The voices of Morgan’s fellow Glaswegians frequently enter the poems. The radio poem ‘The Demolishers’ (1978) intercuts verse commentary with the comments of local residents and workmen on the demolition of Glasgow tenements, as though to demonstrate the intimacy of poetry and speech, and to show that sometimes, as Tom Leonard, a fellow Glaswegian poet, would also affirm, speech has the best lines: ‘Just goany happen, intit’. The harrowing testimony of ‘The Porter’ in ‘Stobhill’, a poem for several voices about the treatment of a foetus mistakenly thought to be dead, consisting of the characters’ continuing efforts to explain or exculpate themselves, is a striking renovation of the Browningesque dramatic monologue and an exemplary instance of the use of ‘ordinary’ speech in poetry. At the bottom of the chain of authority, the porter feels like the scapegoat, and like his daughter’s hamster on its wheel:
'Don’t answer nothing incriminating, says the sheriff.

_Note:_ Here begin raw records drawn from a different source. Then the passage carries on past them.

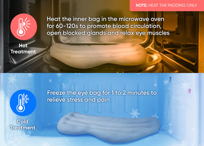 Suffering from dry eyes? Our eye experts see patients complain about this all the time. The glass bead holder in our weighted eye mask can be heated and cooled for eye therapy. When warmed, the eye mask can be used to relax the eye area and open up any pores to allow oils from the eyelid glands to lubricate the eyes. When cooled, the mask can reduce inflammation and puffiness around the eyes.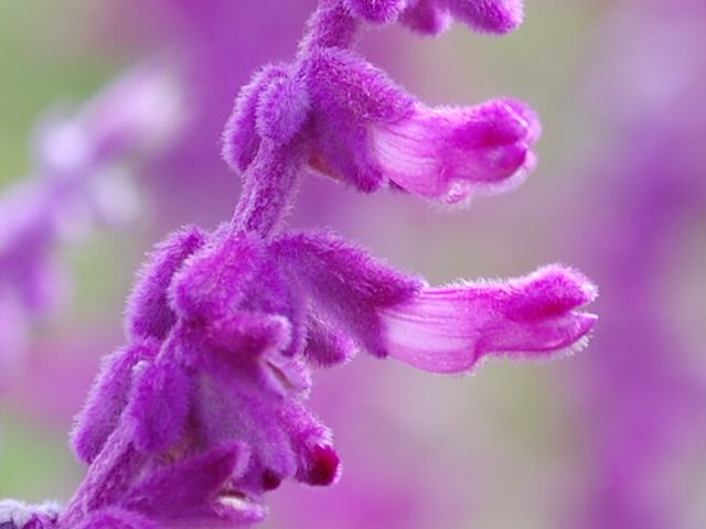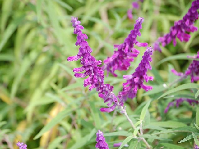 メキシカンブッシュセージ 秋の花 2011年09月24日 メキシカンブッシュセージ(Mexican bush sage)はシソ科アキギリ属の多年草(半低木)である。メキシカンセージ(Mexican sage)とも呼ぶ。原産地は北アメリカから中南アメリカにかけてで、ポピュラーな観賞用ハーブである。別名をアメジストセージ(amethyst sage)という。ベルベットセージ(velvet sage)と呼ばれることもある。草丈は100~150センチくらいである。茎の断面は四角形で、2年目から下部は木質化する。葉は長い披針形(笹の葉のような形)で、十の字状に向かい合って生える(十字対生)。葉には軟毛が生えており、先は鋭く尖る。葉の色は淡い緑色で、よい香りがする。開花時期は9~11月である。短日植物で、日差しが短くなると花を開く。茎先に10~30センチくらいの総状花序(柄のある花が花茎に均等につく)を斜めに出し、唇形の花をつける。萼は紅紫色で、ビロード状の軟毛に覆われている。花の色は白いものと紫色のものがある。雄しべは5本あるが、そのうちの3本は退化している。雌しべは1本で、先は2つに裂ける。花の後にできる実は分果(複数の子房からできた果実)で、4つのブロックからなる。葉を乾燥させたものを生薬でセージ葉といい、芳香性健胃薬とされる。属名の Salvia はラテン語の「salvare(治療)」からきている。薬用になるものが多いことから名づけられた。種小名の leucantha は「白い花の」という意味である。写真は10月に東京都薬用植物園で撮った。学名:Salvia leucantha★ビロードがぽんと弾けて顔を出す 紅紫は夕陽に染まり花図鑑植物図鑑PR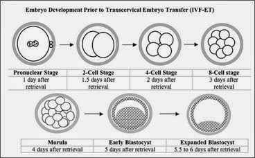 As I told you in my previous post, Day 1 post egg retrieval showed that we had 6 fertilized eggs! The doctor's office told us that we would be getting a call each day with a report on how they were progressing. The embryologist (who knew such a person even existed?) uses a grading system of poor, fair, good, excellent/good and excellent. They also are very concerned with how many cells each one has each day. Before I give you the numbers, I want to share a few pictures that I think are very helpful in understanding the different stages in embryo development. I know all of this information I've been giving you guys over the past few weeks is super in depth and foreign and mind boggling. It is for me, too! Pictures do seem to make it all a little easier to understand.
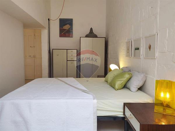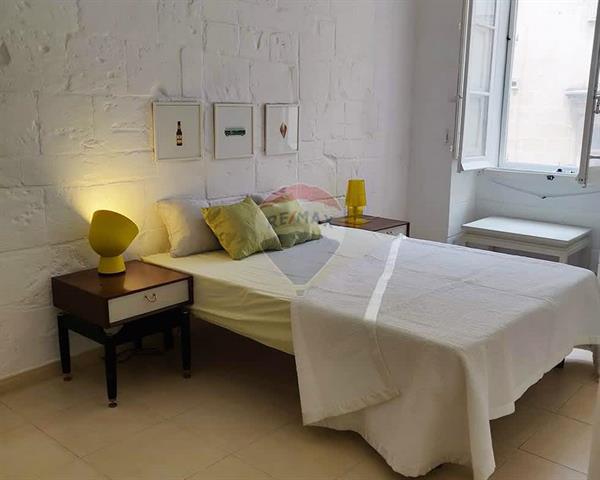 Located in Valletta’s historic Jewish quarter, the property is on a pedestrian stepped street round the corner from the design hub and the school of art and a stone throw away from the beach. Close to all basic amenities and just a few minutes’ walk away from the hustle and bustle of the city’s shops, bars and restaurants. This larger than usual Valletta apartment has just been refurbished and is furnished with a mixture of vintage and contemporary pieces. It comprises of a spacious living-dining room, a fully equipped kitchen, two bedrooms, and new bathroom. This space is very well lit with large apertures and a traditional Maltese gallery balcony overlooking a quiet pedestrian street and several other apertures and a small open terrace overlooking a large central courtyard. The traditional stone build and high ceilings of the apartment keeps things naturally insulated and the apartment is cool during the summer months and there are large ceiling fans in nearly every room. The apartment is located on the second floor with no lift and forms part of a well-kept block of eight other apartments. The block also has a shared rooftop on the 4th floor enjoying sea views and furnished with garden furniture.
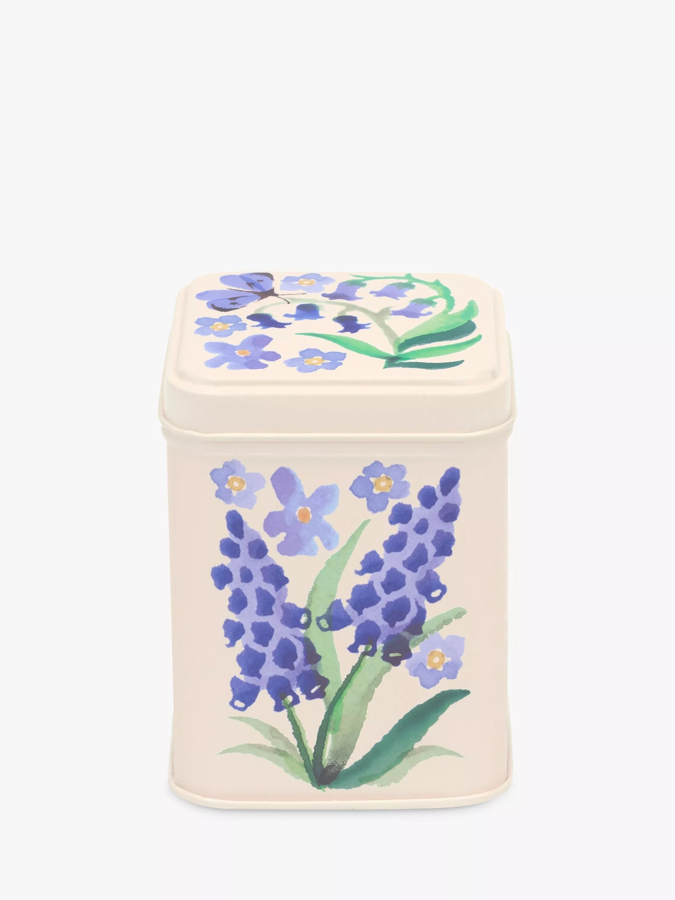 Square caddy and lid decorated with different wildflower prints from Emma Bridgewater, signalling spring in full swing. An ideal kitchen storage tin for tea, coffee or sugar.

And that’s good enough for yours truly.
and neither ah did, neither ah did,
neither ah did. Neither ah did.'
The lesson has not been lost on Morgan’s successors, such as Liz Lochhead, W.N.Herbert and Jackie Kay, whose work preserves a live connection between speech and poetry. More generally, in the widespread flowering of Scottish poetry between 1980 and the millennium, Morgan’s benevolent, enabling influence has been frequently apparent.

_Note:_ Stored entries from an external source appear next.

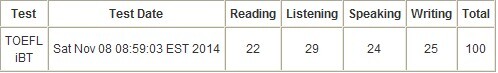 第二次托福考试:100分,听力29分。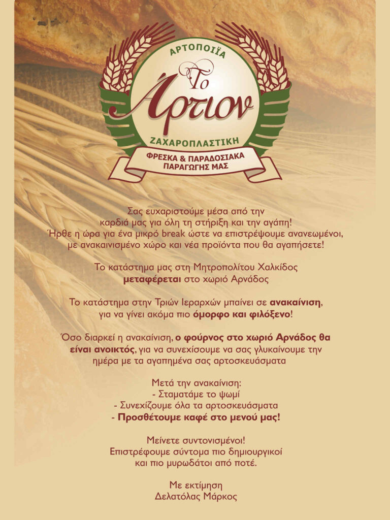 Το κατάστημά μας στη Μητροπόλεως Χαλκίδος μεταφέρεται στο χωριό Αρνάδος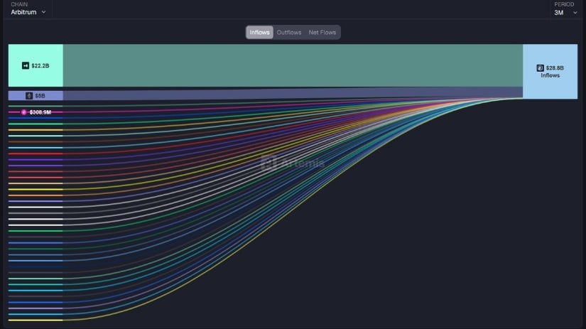 Arbitrum录得超288亿美元资金流入,预示机构信心回暖及生态强势积累。数据来源:Rand via X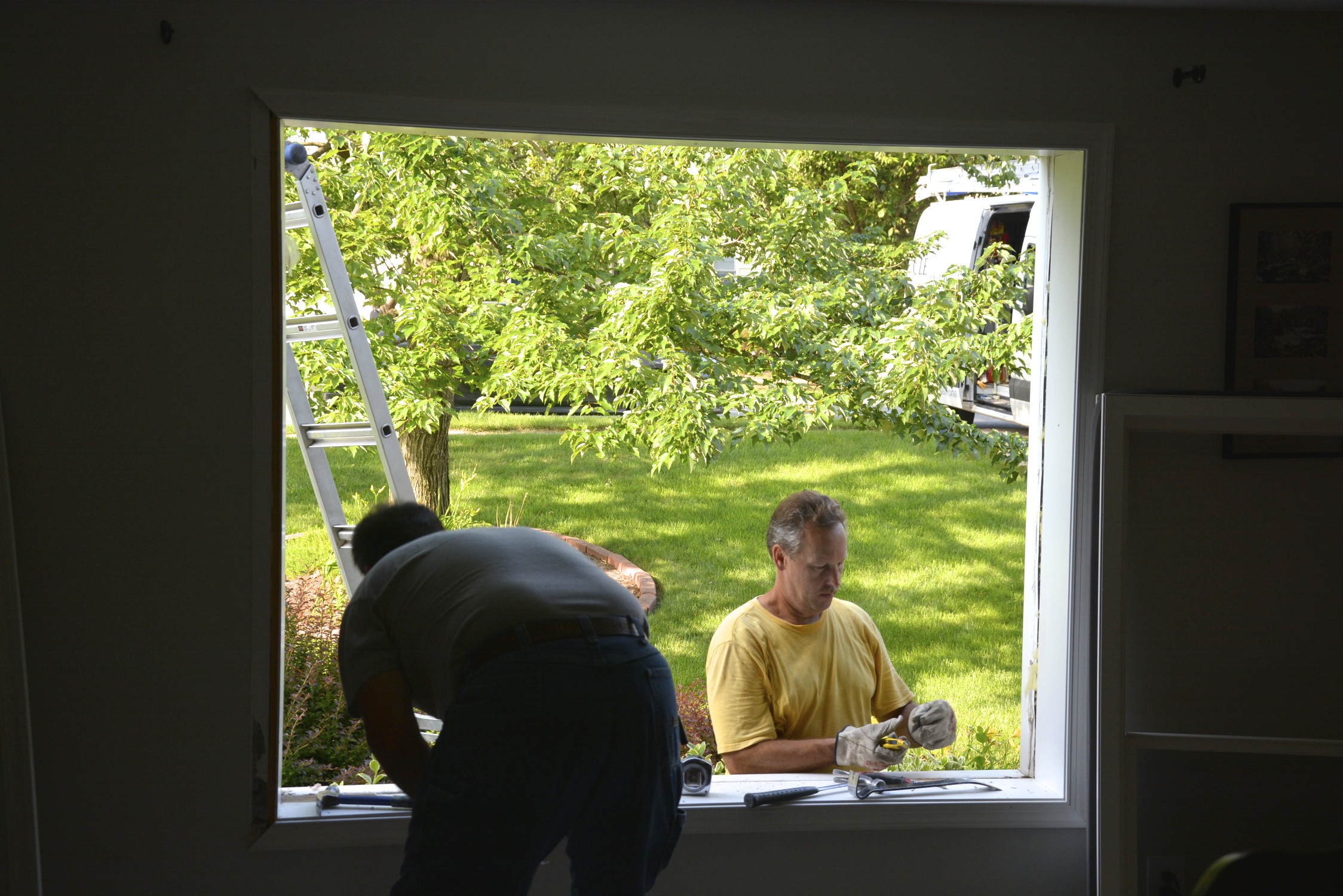 A new living room window. Buying new windows is almost as bad as buying a car. Michael did a lot of research and we had a lot of contractors stop by the house for their sales pitch and estimates. Finally settled on Clearview Windows and Siding – one of the first contractors we talked to. The guys arrived early this morning and installed new windows on the front of the house. They were very professional and did a great job – now let’s hope the windows do their job and live up to the hype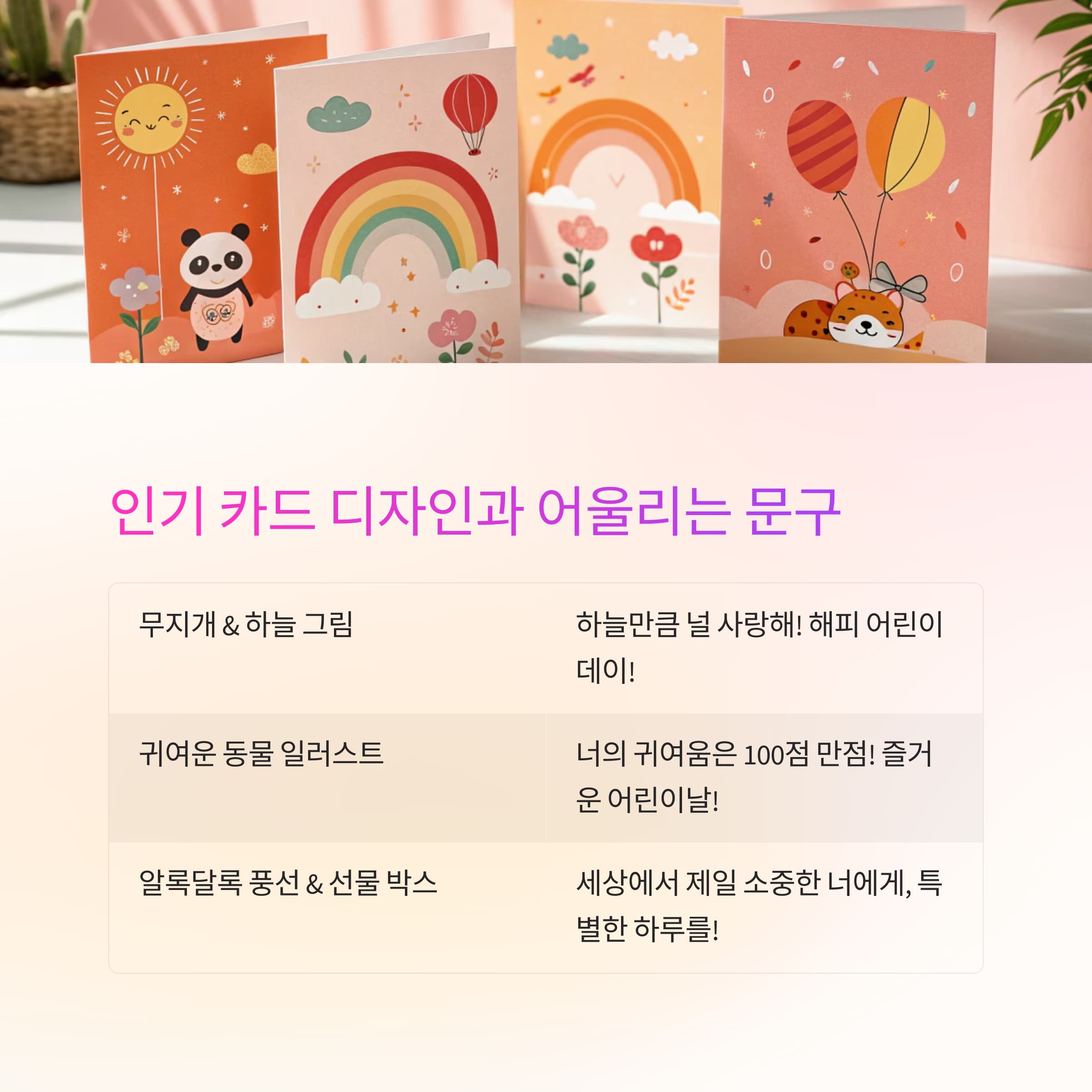 아래 표에서 인기 카드 디자인과 어울리는 문구를 확인해 보세요.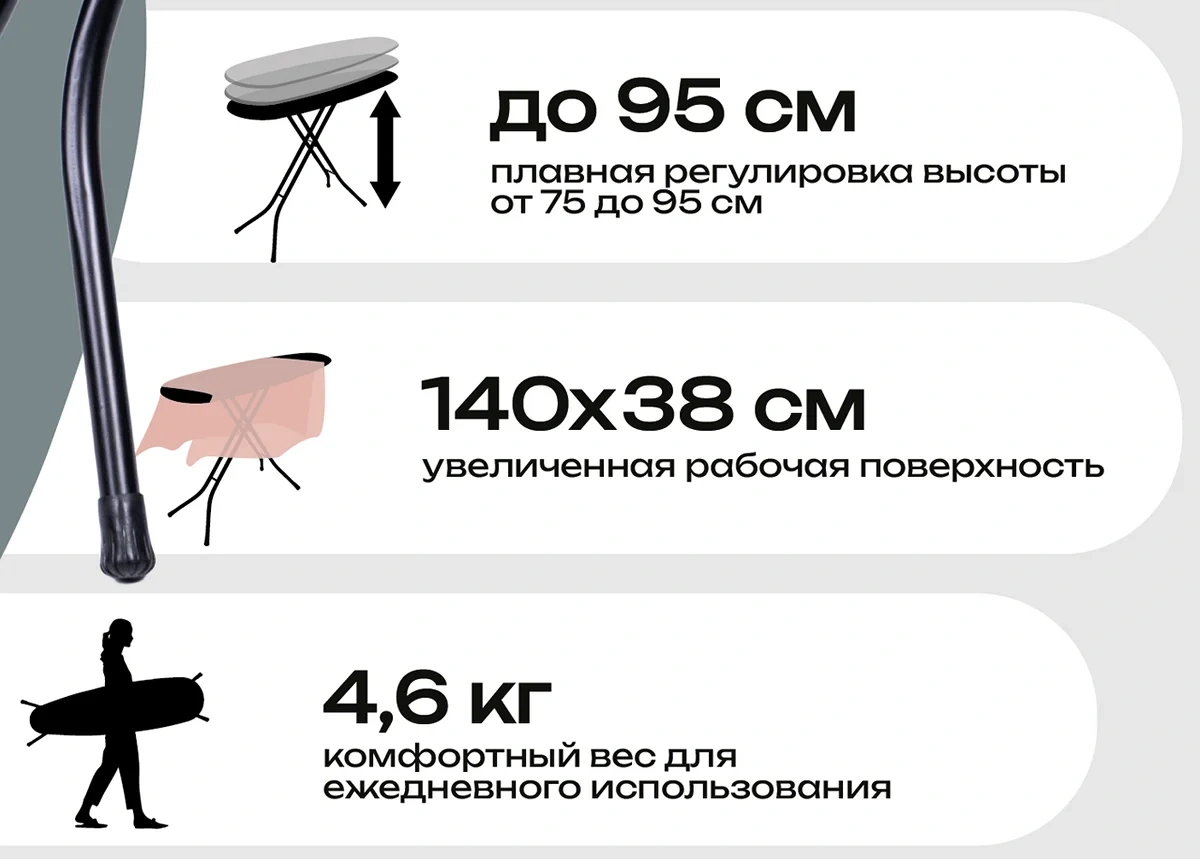 Доска гладильная 140*38см, основа стола - моноблок, электростатическая порошковая покраска, увеличенная поверхность для глажения за счет отсутствия подставки под утюг, устойчивые ножки (диаметр трубы 25), регулировка высоты 70-90см.

This is in part the birthright of a poet from a society which is in some respects rather more insistently democratic in its attitudes and expectations than England, The urge to nationhood has retained over the centuries ‘a thread of pride that has been almost but not quite, oh no not quite, not ever broken or forgotten’, as Morgan, the Makar, the Scottish poet laureate, put it in his poem ‘For the Opening of the Scottish Parliament, October 9th 2004’. The expectation is that the governors will take instruction from the nation, and he offers a friendly warning that should the governors displease their electors, ‘you will know about it’. Morgan, of course, has a distinct historical advantage: his role, like the Parliament itself, is both new and old. No modern English laureate could conceive of such a poem or imagine the occasion on which it might be heard. At this early stage, cultural prestige might be said to have a different function in Scotland: it figures as a resource, not a possession to be taken for granted.

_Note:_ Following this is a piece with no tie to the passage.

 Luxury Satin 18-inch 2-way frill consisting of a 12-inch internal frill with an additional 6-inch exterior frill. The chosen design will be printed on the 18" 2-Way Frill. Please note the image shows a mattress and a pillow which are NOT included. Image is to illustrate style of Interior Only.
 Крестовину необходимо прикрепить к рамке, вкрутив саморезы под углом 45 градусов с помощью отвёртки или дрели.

The gravity of Morgan’s work is also underwritten by its very playfulness. His excursions into concrete poetry, sound poetry and found poems are undertaken with the same care and skill as the rest of his writing, but he evidently takes a childlike pleasure in the sheer material fact of language in work such as the sound poem (a classroom favourite) ‘The Loch Ness Monster’s Song’ and the series ‘The Horseman’s Word’. It is out of such delight, we infer, that there has grown the rich seriousness of his writing as a whole. A university teacher for many years, Morgan is also an educator in his poems – one who, by example rather than insistence, points the way to life’s possibilities.
A great deal more could be said of Morgan’s work without even touching on his equally productive and distinguished career as a translator from many languages, which locates him in the proud tradition of Scottish internationalism; or his activities as a playwright and librettist; or his essays and criticism. Suffice it to say that, for the reader, the rewards of his writings are as prodigious as their scale.